绛林剑君朗笑几声:“好小子!在青州我就看你身法不错,小小年纪,可不是谁都能像你这般,敢去插狮子眼睛的!今日一见,你又长进不少,学会相机而动。最重要是你这般宅心仁厚,不为眼前之利欲所蒙。”

卫璇见檀弓眉峰一聚,略略有些困惑神色。

绛林剑君对着其余各峰弟子说道:“如今引渡纳新已经结束了。既然你们师父都不在,这样的好苗子,自然是谁抢到算谁的。你们回去各自复命,就说我老绛林今日要收这个关门弟子。他日这孩子有大出息,只能怪他们无缘今日不在。”

“谁说我不在?谁说我不在?啊?”说话的正是赤书真人。只见他一头散乱花发,满面红光,体态发福,行走间有些跛足,眼神中却精光四射。

“我不在?我不在我徒弟在。卫璇你为什么不帮着师父说话,你这个白眼狼!”

赤书真人衣襟褴褛,只有腰间斜挎着一个光鲜油亮的大红镶金酒葫芦。

卫璇端的是锦衣压饰,此时赤书真人一口酒气扑鼻而来,他也不闪不避,面上仍是笑吟吟的,迎上去回应说:“是弟子的不是。但师父来的却也是时候,师伯虽那样说,小师弟却还不见答复。”

赤书真人是个实在的五短模样,而卫璇身材颀长,此时不得不躬身下来侧耳倾听,赤书真人踮着脚打着手势,时不时眉飞色舞。

绛林剑君见了赤书真人,便转过头去,负手不语。

没成想后头还有两个人。

一个白发老人步履迟缓,口内像在念诵什么。另一个男子则在后搀扶着他。黄亦双见了,虽此刻满腹怨愤委屈,但她心高气傲,只是强装无事喊了一声“师父”和“首座师兄”。

赤书真人急了眼:“玉阙,你早不来晚不来,也要来和我争?”

绛林剑君也轻飘飘地说:“玉阙真人,实不相瞒,这孩子丹田匮缺,不能积攒内丹修炼,何谈以内养外的黄白丹术?”

过了好久,玉阙真人才缓慢地说:“你们多虑了。
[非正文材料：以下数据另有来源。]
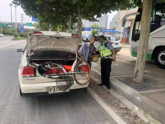 2021年7月10日上午11時30分,鄭州交警三大隊民警劉偉、趙宛沿南三環(huán)快速路二層由西向東巡邏至紫荊山路附近時,發(fā)現(xiàn)一位老人推著共享單車在高架上向東行走。為保障老人的人身安全,兩位民警立即停車上前了解情況。經(jīng)溝通得知,老人名叫孫某某,今年77歲了,老家在河南南陽,目前在鄭州二兒子家居住看病,因為思鄉(xiāng)心切,在沒有和鄭州家人打招呼的情況下準備自己騎自行車回南陽老家。兩位民警征得老人同意后把自行車放到后備箱內(nèi),讓老人坐上警車,將人車帶至南三環(huán)中州大道西南角安全地帶。隨后,兩位民警繼續(xù)安慰老人,勸老人和孩子好好溝通,不要一個人冒失地回老家。后來老人想通了,提供了兒子的電話,民警及時聯(lián)系上老人兒子,囑咐其將老人接走并照顧好自己的父親。接走老人時,老人和家屬向兩位認真負責(zé)的民警同志表示感謝!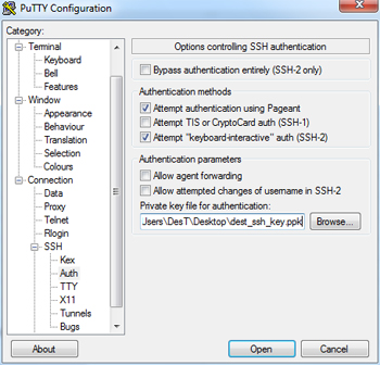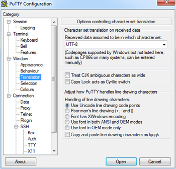 Теперь немного упростим себе работу с SSH. Запускаем PuTTY, в поле Host Name вводим DynDNS-адрес сервера (в нашем примере это был amazec2.dyndns-ip.com). Затем переходим в меню слева в Connection → SSH → Auth и указываем в Private key file путь до нашего ключа в формате ppk. Чуть выше, в разделе Connection → Data есть поле Auto-login username, в которое надо ввести ubuntu (это наш логин). Наконец, в Window → Translation выбираем кодировку UTF-8 и возвращаемся в раздел Session. Здесь в поле Saved Sessions вводим любое имя (например, amazonvpn) и жмём справа Save. Теперь после запуска PuTTY достаточно будет дважды кликнуть по имени сохранённого соединения (amazonvpn) и консоль удалённого сервера откроется сама.

老朽不过是听得这头动静,才来看看,若是我这女弟子受了委屈,老朽如何与神朝交代。老朽门下记名弟子已满,这一届是不会再收入门墙了。”

黄亦双听得两眼酸酸,泪花直在眼眶打转,就是不肯落下来。

赤书真人松快下来,拍拍玉阙真人道:“我就知道师兄仗义!”玉阙真人被拍得咳嗽连连。

赤书真人拉着檀弓就要走,说道:“绛林啊,我和我徒弟先走了。别送啊。”

绛林剑君道:“赤书,你不要太过了!”赤书真人向绛林剑君摆了个鬼脸。

檀弓开口道:“深谢几位真人青眼。”然后对着玉阙真人行了大礼:“晚辈出身中洲檀氏,从小便志慕黄白丹术,奉魏伯阳所著《悟真篇》为至上圭臬。愿意锻体演武,弥补不足。”

玉阙真人柔声躬腰说道:“孩子,你快起来……”

绛林剑君脸色霎然一冷:“小子,老夫有意赏识你,你却当真不领情?”

黄亦双神色冷硬:“师父,我不要他来!”

檀弓道:“我听闻云牙子魏伯阳曾师承天光峰丹脉,心中仰慕至极,故生此念。天光峰有丹室八千间,所积之厚,非诸峰可比。”

王含贞糯声糯气地说:“是八千零三十间……”

绛林剑君冷笑道:“你丹田匮缺,真元散逸,是被紫绂竹林的玄阴冥水所伤,天下间无药可治。说什么锻体演武,你却当修仙是小孩子过家家。唯有剑修这一条大道,能以锐气弥补不足,杀敌制胜。老夫劝你莫再鼠目寸光,自断锦绣前程!”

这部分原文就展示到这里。